**Available data**

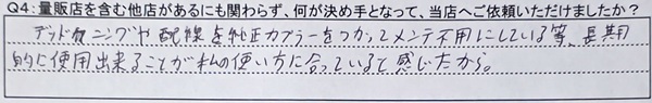 Q4:量販店を含む他店があるにも関わらず、何が決め手となって、当店へご依頼いただけましたか?
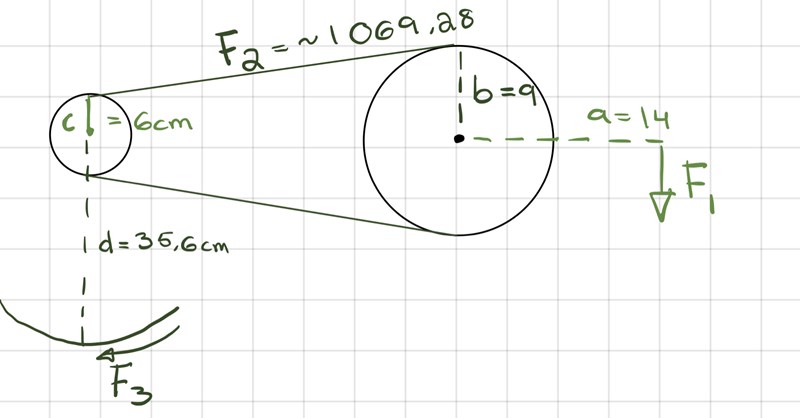 F3*d = F2 * c -> F3 = ~25 N <- kraften som ska driva cykeln framåt
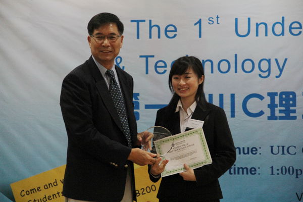 钟森文教授向获得最佳海报奖的郑钟黛西同学颁奖
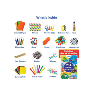 Your one-stop arts & crafts supply kit with over 2000 pieces of art & craft supplies for kids to express themselves through the power of creativity. Use the included guide to create 20+ DIY crafts, or create your own unique work of art.
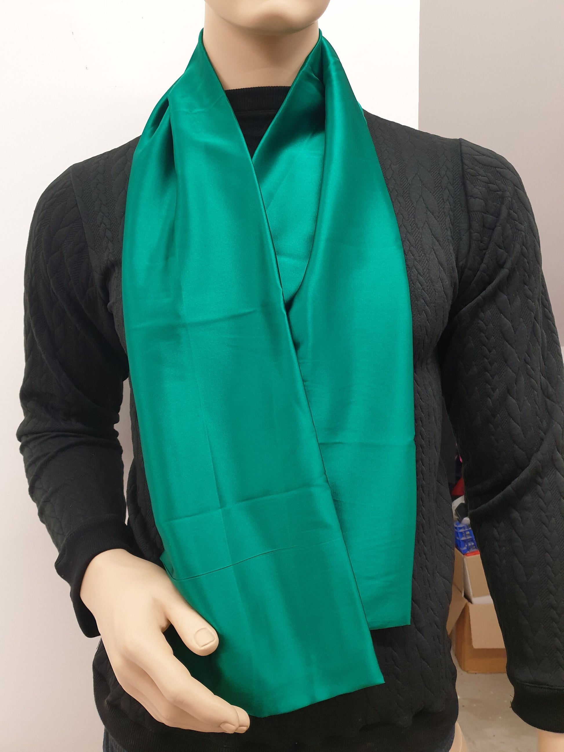 GREEN hight quality silk scarf, hand made in France.
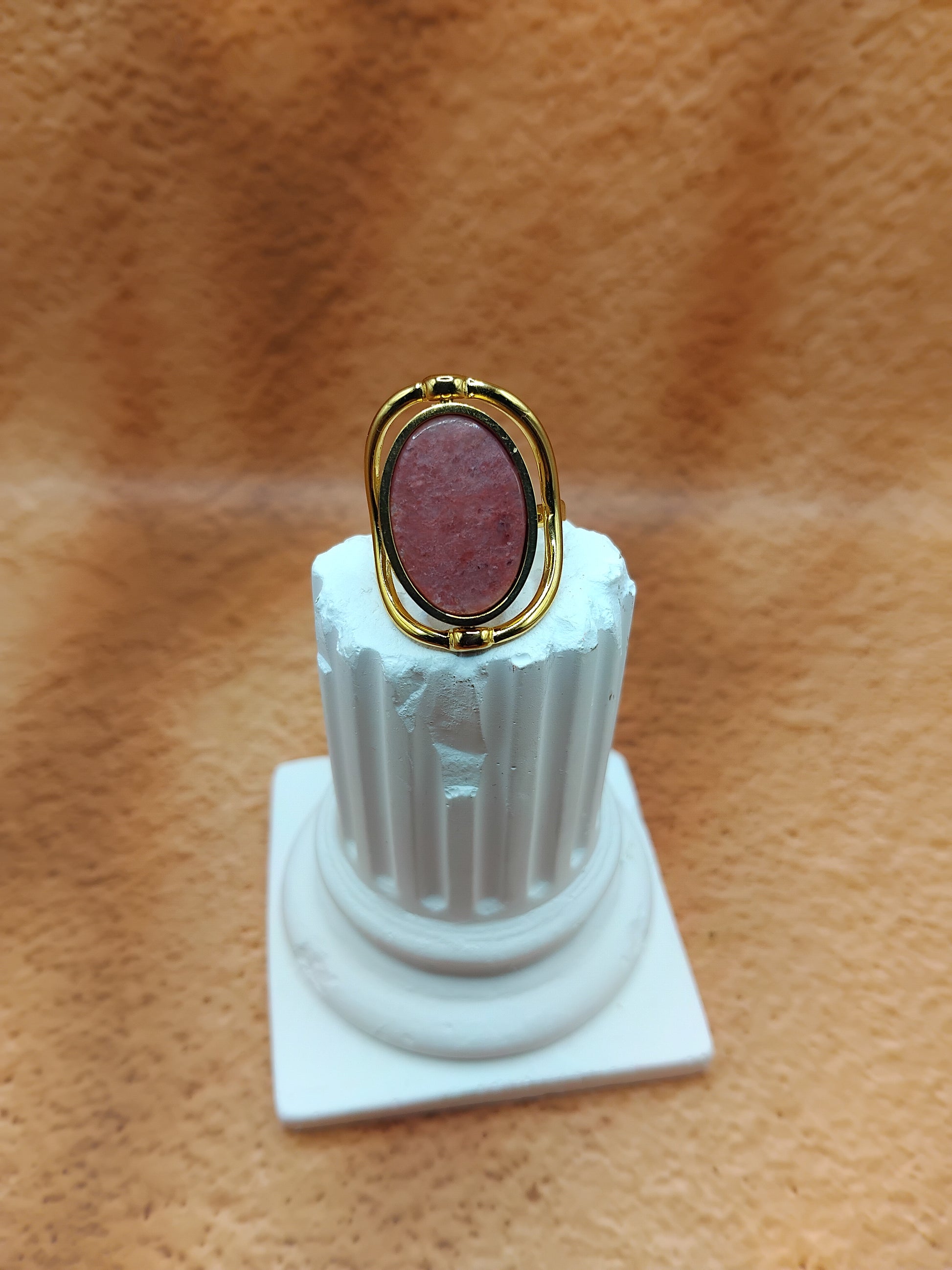 Une bague dorée en acier inoxydable ornée d’une pierre rotative :

**Your assignment**
Transcribe exactly the lines running from the line with "Your one-stop arts" to the last line of the entries. Pictures stay out of the copy.

**Exercise solution**
 Your one-stop arts & crafts supply kit with over 2000 pieces of art & craft supplies for kids to express themselves through the power of creativity. Use the included guide to create 20+ DIY crafts, or create your own unique work of art.
 GREEN hight quality silk scarf, hand made in France.
 Une bague dorée en acier inoxydable ornée d’une pierre rotative :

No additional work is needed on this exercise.